Trunk slenderness has been used as an indicator of stand stability in forestry for many years; it is also correlated with susceptibility to wind and snow damage [20, 34–35]. As reported in mature coastal forest [36], according to the slenderness ratio, all trees beyond the threshold are potential hazard trees [37] and would require pruning or logging treatments. Mattheck [20] proposed a slenderness ratio of 50 as a failure criterion in hazard tree management, which represents the trade-off between the relative height growth rate and the relative diameter growth rate at individual base, will be suitable to evaluate the allocation. Our study focused on trees showing slenderness values < 80, which corresponded to the height—diameter relationship of the dominant trees (mean DBH and mean tree height) in the logged forest. These trees invested more resources in radial growth than increasing their height, which suggests that trees in the logged forest have space to expand their crowns horizontally, thus grow radially [36]. In contrast, a great many spindly trees showing trunk slenderness values > 80 were observed in control plot.
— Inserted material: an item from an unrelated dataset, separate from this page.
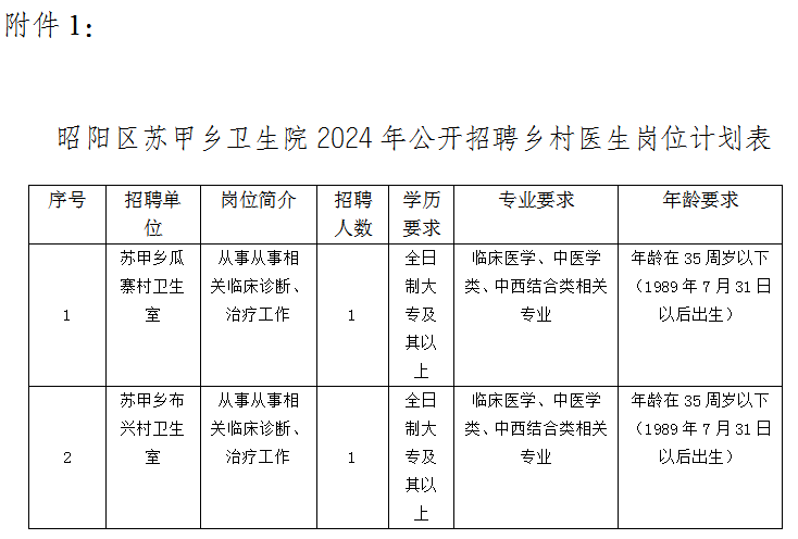 具體招聘崗位、職數(shù)詳見(jiàn)《昭陽(yáng)區(qū)蘇甲鄉(xiāng)衛(wèi)生院2024年公開招聘鄉(xiāng)村醫(yī)生崗位設(shè)置計(jì)劃表》(附件1)。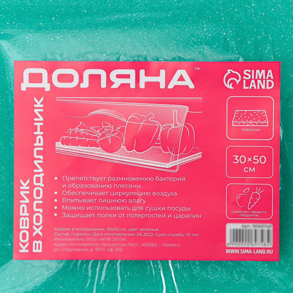 Коврик используется для хранения овощей и фруктов. Он обеспечит свежесть продуктов в течение длительного времени благодаря циркуляции воздуха между ними и поверхностями холодильника. Изготовлен из поролона, за ним легко ухаживать, можно мыть под тёплой водой с использованием жидких моющих средств.

The trees in the control plot were more slender than in the logged forest because of more small slender trees. For taller trees, the probability of being slender will increase susceptibility to meteorological damage. Because radial growth was suppress, taller trees developed a short, narrow crown and were stressed by other trees, once the density of the main canopy became too high. In addition, these trees showed a sharp drop in the mechanical stability, which will make them vulnerable to natural disasters in the upper forest, such as the impacts of frozen rain and wind [35].